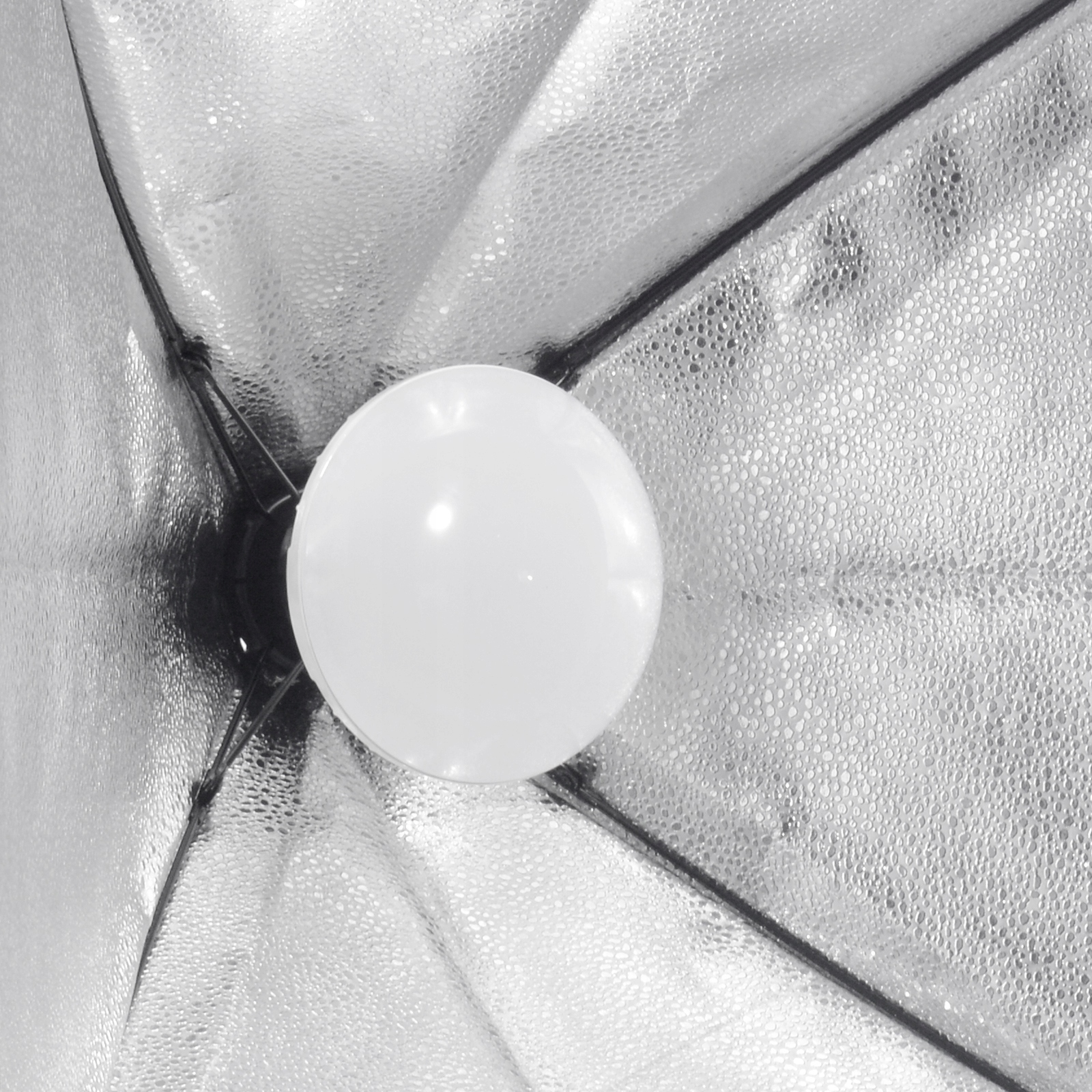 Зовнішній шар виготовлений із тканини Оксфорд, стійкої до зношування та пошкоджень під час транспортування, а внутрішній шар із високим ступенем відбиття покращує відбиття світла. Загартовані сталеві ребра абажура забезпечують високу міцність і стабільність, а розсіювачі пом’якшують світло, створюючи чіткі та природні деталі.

+ + +

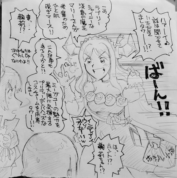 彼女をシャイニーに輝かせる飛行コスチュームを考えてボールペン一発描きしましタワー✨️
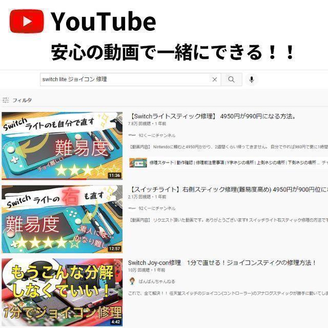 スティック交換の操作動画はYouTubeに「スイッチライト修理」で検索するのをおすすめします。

+ + +

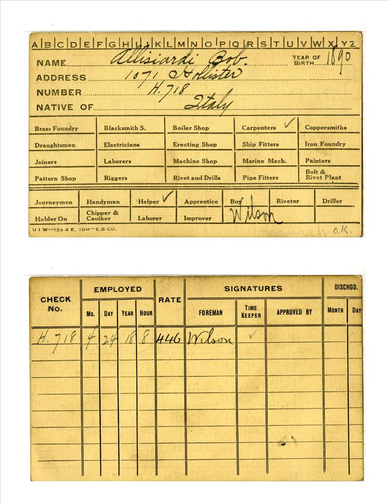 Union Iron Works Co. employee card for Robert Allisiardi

+ + +

* **What this task involves**
Leaving out each picture, repeat exactly the lines above from the one that contains "彼女をシャイニーに輝かせる飛" through the one that contains "スティック交換の操作動画はY".

* **Your response**
 彼女をシャイニーに輝かせる飛行コスチュームを考えてボールペン一発描きしましタワー✨️
 スティック交換の操作動画はYouTubeに「スイッチライト修理」で検索するのをおすすめします。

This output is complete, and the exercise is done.